## Stored data
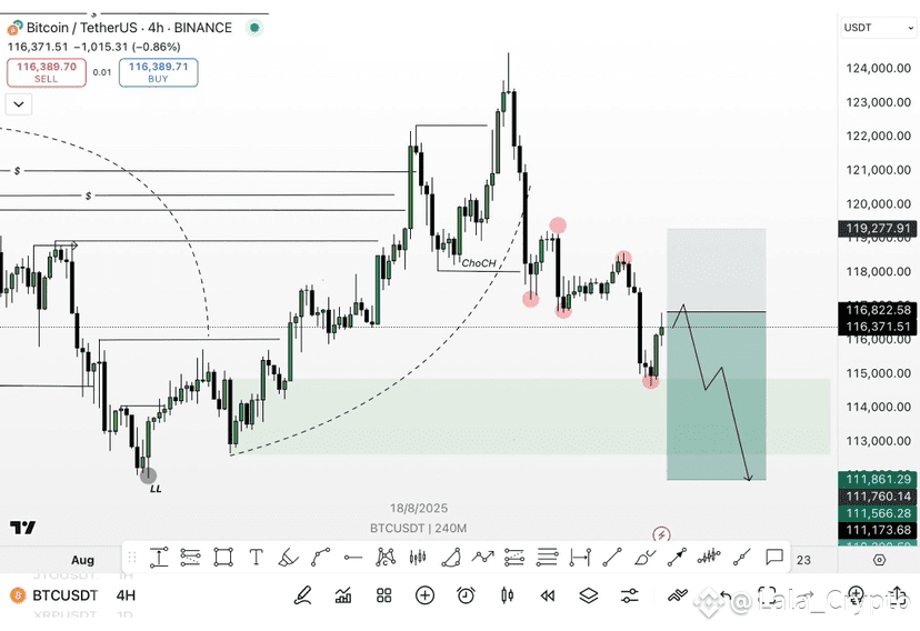 Now price is retesting supply – if it holds, we could see a drop toward the 113k demand zone.
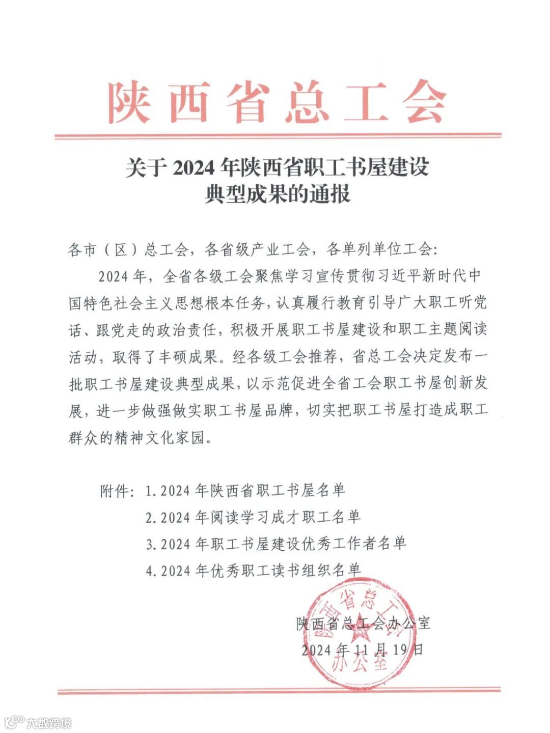 近日,陕西省总工会对2024年陕西省职工书屋建设典型成果进行通报,我院成功获批。
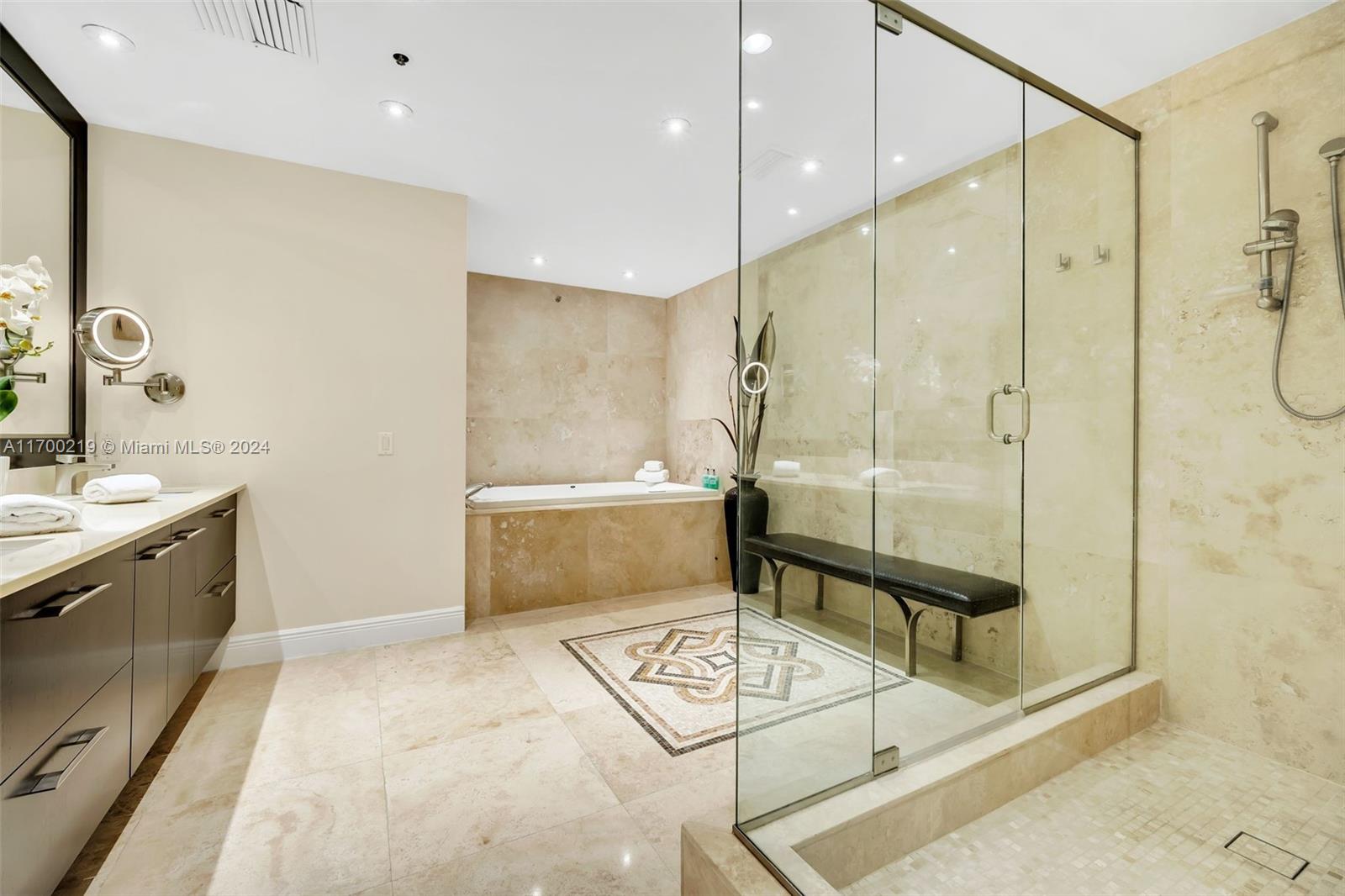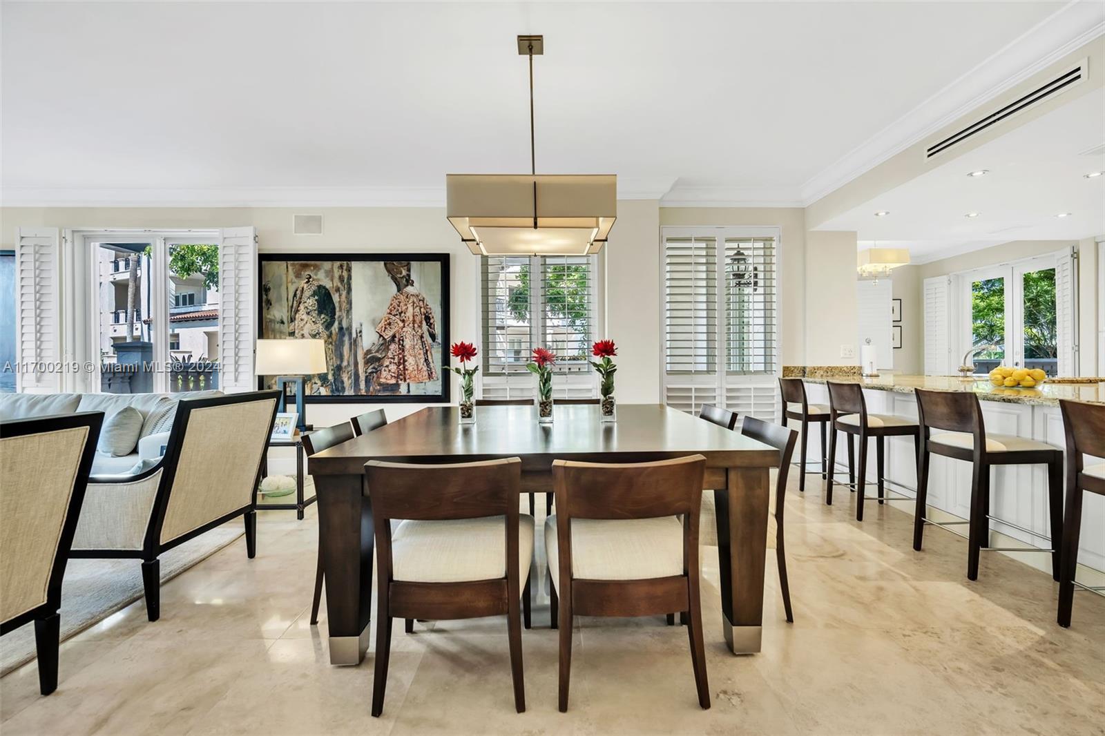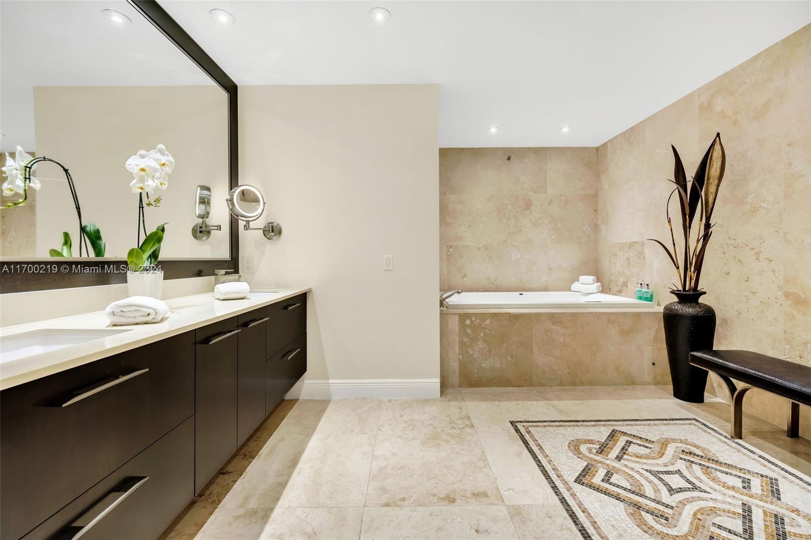 Impeccable ground level 3BR, 3.5 baths on Bayside. Updated in 2019 with contemporary relaxed decor, and luxurious finishes, pristine marble floors throughout, 10.5ft ceilings, OPEN chef kitchen features marble countertops, stainless steel appliances, built-in custom cabinetry, an updated SONOS media system, and Smart Home. Garage space(s) feat. brand new Tesla Charger, two best parking spaces, golf cart space, and Garia golf cart. Conveniently located adjacent to the pool. “D” model is one of the most sought-after split bedroom floor plans on the Island boasting a deep wraparound terrace with stunning panoramic Bay and city skyline views and mesmerizing sunsets. All windows and doors are impact glass. New central VAC.

## Required work
Would you please output the listing above exactly, leaving out the pictures?

## Response area
 Now price is retesting supply – if it holds, we could see a drop toward the 113k demand zone.
 近日,陕西省总工会对2024年陕西省职工书屋建设典型成果进行通报,我院成功获批。
 Impeccable ground level 3BR, 3.5 baths on Bayside. Updated in 2019 with contemporary relaxed decor, and luxurious finishes, pristine marble floors throughout, 10.5ft ceilings, OPEN chef kitchen features marble countertops, stainless steel appliances, built-in custom cabinetry, an updated SONOS media system, and Smart Home. Garage space(s) feat. brand new Tesla Charger, two best parking spaces, golf cart space, and Garia golf cart. Conveniently located adjacent to the pool. “D” model is one of the most sought-after split bedroom floor plans on the Island boasting a deep wraparound terrace with stunning panoramic Bay and city skyline views and mesmerizing sunsets. All windows and doors are impact glass. New central VAC.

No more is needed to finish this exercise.